30th January 2018
New aviation biofuel cuts emissions by 80%
Australia's largest airline, Qantas, in partnership with Canadian-based Agrisoma Biosciences, has introduced a new biofuel made from a type of mustard seed.
The world’s first dedicated biofuel flight between the United States and Australia – QF96 from Los Angeles to Melbourne – began yesterday. The 15-hour route across the Pacific will operate with approximately 24,000kg of blended biofuel, saving 18,000kg in carbon emissions. Qantas will use biofuel processed from Brassica Carinata, a non-food, industrial type of mustard seed, developed by Canadian agricultural technology firm, Agrisoma Biosciences.
The flight is part of a partnership announced in 2017 that will also see the companies work with Australian farmers to grow the country’s first commercial aviation biofuel seed crop by 2020. Qantas International CEO, Alison Webster, said it was fitting that the airline's game-changing Dreamliner 787-9 will showcase the future of sustainable aviation.

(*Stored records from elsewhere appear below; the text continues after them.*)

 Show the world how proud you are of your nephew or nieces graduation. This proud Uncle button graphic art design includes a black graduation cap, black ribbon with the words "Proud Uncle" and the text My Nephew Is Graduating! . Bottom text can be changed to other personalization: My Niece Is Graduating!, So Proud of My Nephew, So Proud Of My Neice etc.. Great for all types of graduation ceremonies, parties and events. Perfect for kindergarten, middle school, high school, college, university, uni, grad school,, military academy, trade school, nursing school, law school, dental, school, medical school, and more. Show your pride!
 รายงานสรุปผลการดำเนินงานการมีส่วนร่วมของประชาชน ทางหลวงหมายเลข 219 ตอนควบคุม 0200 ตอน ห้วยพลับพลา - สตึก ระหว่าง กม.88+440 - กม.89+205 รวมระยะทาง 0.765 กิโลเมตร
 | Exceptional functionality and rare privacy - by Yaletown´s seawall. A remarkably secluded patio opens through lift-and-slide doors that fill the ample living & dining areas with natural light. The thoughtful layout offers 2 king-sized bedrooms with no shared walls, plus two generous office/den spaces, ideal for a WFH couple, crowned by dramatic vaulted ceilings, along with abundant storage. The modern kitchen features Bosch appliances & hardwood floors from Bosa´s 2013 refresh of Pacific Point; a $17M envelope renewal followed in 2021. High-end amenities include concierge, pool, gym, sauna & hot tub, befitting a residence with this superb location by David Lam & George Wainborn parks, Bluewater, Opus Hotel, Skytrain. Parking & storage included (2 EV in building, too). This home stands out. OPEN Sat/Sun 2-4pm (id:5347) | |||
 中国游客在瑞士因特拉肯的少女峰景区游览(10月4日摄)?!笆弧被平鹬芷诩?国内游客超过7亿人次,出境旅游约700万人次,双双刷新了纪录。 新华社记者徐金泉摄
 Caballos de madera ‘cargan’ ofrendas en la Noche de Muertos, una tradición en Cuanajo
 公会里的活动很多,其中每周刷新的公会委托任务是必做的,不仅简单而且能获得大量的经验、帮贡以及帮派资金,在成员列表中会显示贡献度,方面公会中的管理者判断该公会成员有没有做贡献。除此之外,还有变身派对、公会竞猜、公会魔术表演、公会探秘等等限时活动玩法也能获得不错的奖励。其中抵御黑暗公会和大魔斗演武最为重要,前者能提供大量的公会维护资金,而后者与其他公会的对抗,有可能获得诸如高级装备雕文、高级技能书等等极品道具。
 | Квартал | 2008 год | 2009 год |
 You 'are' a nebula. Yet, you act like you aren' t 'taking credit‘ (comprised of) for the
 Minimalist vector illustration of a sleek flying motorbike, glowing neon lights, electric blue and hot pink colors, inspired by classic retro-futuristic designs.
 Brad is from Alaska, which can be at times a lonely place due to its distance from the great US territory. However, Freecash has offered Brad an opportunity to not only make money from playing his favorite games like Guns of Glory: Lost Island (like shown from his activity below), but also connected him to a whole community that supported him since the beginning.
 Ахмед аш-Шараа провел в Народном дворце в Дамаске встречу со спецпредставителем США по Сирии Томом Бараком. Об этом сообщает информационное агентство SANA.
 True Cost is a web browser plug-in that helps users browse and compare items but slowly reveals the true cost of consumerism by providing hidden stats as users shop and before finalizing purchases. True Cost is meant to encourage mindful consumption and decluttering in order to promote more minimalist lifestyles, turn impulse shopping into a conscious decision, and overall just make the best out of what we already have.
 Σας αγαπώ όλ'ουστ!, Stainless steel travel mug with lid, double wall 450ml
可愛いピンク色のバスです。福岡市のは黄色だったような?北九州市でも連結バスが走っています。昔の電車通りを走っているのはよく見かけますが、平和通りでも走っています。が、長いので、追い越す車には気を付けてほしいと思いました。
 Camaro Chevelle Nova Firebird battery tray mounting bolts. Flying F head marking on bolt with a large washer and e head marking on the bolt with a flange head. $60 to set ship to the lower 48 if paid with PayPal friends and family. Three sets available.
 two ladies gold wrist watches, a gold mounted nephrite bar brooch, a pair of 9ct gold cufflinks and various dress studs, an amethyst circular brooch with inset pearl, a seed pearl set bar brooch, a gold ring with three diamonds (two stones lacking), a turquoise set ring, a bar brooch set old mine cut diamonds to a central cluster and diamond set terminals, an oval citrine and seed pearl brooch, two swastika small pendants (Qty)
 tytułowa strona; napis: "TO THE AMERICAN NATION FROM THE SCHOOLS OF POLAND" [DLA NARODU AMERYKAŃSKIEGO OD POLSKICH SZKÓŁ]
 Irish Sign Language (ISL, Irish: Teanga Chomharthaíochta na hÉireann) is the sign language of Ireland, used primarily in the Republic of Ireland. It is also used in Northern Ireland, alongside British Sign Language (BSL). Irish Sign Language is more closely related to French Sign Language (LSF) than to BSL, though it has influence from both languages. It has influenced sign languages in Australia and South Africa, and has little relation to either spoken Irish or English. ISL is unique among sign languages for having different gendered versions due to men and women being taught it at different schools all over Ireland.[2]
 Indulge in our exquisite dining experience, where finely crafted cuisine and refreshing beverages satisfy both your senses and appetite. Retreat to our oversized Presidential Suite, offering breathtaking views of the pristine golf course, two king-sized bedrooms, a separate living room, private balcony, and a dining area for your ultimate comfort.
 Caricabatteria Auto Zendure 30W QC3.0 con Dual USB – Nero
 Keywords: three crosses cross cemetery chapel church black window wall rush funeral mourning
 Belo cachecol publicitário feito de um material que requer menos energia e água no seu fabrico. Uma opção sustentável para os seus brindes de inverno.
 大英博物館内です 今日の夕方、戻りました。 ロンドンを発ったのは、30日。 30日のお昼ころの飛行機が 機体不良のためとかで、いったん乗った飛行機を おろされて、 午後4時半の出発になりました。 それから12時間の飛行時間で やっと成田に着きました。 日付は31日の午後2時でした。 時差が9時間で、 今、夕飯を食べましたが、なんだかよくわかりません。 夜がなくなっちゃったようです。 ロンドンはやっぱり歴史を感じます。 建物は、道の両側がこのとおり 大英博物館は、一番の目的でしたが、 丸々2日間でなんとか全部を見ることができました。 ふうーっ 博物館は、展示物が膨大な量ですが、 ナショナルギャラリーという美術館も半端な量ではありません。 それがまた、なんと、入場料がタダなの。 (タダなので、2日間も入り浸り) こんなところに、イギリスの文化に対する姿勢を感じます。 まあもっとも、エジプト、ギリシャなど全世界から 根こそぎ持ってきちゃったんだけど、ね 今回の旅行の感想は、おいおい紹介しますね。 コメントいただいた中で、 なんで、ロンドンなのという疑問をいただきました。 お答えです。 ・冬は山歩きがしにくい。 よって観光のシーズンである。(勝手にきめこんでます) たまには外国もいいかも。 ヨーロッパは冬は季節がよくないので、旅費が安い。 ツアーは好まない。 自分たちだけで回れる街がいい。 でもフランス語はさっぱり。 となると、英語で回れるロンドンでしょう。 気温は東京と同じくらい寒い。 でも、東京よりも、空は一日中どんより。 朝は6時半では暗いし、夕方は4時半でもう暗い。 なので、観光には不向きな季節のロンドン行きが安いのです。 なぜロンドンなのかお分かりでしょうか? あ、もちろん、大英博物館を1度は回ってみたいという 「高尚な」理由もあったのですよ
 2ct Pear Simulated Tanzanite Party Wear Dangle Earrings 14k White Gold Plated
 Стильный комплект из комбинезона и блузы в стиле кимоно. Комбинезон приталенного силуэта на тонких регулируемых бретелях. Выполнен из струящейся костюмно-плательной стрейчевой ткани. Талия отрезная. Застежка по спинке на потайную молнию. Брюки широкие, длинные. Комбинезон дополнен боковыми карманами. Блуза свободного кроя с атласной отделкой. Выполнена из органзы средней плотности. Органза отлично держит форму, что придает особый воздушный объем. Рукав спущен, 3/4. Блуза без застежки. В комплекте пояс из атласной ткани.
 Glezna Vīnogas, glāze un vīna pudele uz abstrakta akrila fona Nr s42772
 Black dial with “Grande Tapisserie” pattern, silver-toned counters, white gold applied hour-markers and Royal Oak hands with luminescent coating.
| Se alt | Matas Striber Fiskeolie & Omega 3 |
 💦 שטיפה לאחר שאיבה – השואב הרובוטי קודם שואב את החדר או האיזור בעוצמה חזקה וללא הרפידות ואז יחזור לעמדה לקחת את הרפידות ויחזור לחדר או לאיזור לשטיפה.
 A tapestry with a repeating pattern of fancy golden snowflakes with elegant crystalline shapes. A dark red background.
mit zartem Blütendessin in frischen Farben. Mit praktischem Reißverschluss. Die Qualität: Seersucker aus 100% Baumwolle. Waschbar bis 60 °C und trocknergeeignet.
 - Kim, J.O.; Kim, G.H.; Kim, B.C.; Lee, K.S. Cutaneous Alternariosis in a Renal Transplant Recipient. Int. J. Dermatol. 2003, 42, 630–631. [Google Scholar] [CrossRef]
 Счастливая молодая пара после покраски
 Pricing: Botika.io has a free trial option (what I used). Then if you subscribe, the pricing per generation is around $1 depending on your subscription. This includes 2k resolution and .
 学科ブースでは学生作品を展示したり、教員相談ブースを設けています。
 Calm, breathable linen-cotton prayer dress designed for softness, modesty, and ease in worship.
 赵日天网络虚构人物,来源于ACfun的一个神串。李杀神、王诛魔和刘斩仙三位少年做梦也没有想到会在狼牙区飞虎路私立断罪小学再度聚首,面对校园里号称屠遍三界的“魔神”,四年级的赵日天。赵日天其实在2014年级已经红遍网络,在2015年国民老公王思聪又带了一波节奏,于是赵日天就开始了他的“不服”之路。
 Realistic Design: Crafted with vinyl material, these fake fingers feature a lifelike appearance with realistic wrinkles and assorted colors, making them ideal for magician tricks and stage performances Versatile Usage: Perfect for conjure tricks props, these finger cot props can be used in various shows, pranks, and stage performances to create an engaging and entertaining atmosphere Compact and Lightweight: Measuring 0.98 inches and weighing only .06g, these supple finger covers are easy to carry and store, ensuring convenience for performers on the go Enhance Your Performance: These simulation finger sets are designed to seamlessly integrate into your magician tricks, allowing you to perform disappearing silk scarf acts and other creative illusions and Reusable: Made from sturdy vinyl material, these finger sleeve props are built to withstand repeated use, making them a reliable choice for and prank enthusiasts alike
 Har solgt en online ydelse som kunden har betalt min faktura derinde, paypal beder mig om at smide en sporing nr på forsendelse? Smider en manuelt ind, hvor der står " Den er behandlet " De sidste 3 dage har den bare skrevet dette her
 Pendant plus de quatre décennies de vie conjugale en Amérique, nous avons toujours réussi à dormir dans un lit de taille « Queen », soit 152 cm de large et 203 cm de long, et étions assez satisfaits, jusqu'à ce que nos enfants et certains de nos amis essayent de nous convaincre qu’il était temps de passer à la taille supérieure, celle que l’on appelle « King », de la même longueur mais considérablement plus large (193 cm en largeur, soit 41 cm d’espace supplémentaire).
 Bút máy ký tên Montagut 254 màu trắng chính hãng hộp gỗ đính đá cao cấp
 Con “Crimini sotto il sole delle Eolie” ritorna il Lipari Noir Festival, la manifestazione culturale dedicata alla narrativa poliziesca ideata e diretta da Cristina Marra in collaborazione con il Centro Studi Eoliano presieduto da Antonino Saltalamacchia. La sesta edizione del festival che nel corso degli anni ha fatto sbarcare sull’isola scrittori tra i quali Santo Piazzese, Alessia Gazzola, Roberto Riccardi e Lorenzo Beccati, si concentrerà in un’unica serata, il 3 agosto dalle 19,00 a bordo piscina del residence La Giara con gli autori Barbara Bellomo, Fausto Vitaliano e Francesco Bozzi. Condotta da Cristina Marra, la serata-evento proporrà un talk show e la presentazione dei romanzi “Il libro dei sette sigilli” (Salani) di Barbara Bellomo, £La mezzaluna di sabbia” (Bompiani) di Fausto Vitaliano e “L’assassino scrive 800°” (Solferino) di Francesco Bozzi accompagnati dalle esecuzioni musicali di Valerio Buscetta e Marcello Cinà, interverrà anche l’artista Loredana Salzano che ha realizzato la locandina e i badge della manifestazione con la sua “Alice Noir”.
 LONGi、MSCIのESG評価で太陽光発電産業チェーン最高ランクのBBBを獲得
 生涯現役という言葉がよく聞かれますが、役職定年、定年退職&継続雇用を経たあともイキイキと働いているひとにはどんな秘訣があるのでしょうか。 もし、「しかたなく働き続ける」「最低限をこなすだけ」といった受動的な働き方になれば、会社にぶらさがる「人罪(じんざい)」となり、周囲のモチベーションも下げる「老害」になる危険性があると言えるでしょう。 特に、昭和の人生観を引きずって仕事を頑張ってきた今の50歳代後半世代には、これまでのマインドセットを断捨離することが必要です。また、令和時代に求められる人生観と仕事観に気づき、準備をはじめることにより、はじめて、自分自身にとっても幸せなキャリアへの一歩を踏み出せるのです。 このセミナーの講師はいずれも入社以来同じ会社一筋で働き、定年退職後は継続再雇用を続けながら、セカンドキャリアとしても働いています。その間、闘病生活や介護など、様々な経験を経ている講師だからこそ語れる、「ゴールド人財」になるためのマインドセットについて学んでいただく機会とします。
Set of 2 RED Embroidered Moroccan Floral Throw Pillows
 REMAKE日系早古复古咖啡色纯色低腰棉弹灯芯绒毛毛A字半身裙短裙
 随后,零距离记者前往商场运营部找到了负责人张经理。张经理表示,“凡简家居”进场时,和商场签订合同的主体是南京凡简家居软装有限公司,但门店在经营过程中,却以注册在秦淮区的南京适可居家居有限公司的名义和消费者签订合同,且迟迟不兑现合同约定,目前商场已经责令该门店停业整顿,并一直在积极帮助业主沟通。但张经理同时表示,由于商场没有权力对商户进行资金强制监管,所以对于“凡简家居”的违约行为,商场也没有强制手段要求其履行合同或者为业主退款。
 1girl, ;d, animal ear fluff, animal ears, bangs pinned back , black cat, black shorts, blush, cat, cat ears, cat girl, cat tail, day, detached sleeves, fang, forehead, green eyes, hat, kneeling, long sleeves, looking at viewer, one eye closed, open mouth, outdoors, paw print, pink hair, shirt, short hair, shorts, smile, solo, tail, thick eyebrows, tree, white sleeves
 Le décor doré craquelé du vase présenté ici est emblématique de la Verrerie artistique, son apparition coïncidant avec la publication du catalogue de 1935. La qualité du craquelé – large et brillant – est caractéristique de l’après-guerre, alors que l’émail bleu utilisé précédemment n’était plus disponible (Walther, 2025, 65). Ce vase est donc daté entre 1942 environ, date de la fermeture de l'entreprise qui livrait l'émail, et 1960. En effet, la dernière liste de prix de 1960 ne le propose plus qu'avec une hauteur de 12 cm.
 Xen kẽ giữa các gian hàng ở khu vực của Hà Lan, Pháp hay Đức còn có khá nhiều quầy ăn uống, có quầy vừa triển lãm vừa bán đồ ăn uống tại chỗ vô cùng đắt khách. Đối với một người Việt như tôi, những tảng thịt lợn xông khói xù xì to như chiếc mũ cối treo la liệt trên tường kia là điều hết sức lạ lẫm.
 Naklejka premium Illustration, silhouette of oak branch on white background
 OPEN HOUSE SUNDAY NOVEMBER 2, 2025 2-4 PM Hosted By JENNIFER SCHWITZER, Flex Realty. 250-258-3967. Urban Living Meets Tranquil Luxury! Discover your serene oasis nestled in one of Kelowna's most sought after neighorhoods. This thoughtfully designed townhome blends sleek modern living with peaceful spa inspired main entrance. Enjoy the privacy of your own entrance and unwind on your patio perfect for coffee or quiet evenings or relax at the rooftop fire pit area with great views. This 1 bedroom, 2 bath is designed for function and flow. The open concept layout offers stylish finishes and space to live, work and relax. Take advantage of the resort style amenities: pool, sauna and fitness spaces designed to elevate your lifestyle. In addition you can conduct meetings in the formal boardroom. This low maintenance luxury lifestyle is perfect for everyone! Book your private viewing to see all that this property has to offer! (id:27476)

“The Qantas Dreamliner marks an exciting new era of innovation and travel. The aircraft is more fuel efficient and generates fewer greenhouse gas emissions than similarly-sized aircraft and today's flight will see a further reduction on this route,” explained Webster. “Our partnership with Agrisoma marks a big step in the development of a renewable jet fuel industry in Australia – it is a project we are really proud to be part of, as we look at ways to reduce carbon emissions across our operations.”
Across its life cycle, using Carinata-derived biofuel can reduce carbon emissions by 80% compared to traditional jet fuel. Initially, it will replace 10% of the petroleum normally used for the flight, meaning an 8% reduction in emissions for this route compared to previous operations. However, Qantas plans to increase the biofuel blend within a few years. Carinata requires no specialised production or processing techniques. It is water efficient, with field trials demonstrating it can do very well in the Australian climate. It is sown either in fallow areas where food crops fail, or between regular crop cycles (known as “cover cropping”). Rotational or break-crops can improve soil quality and reduce erosion for food crops, while providing farmers with additional income.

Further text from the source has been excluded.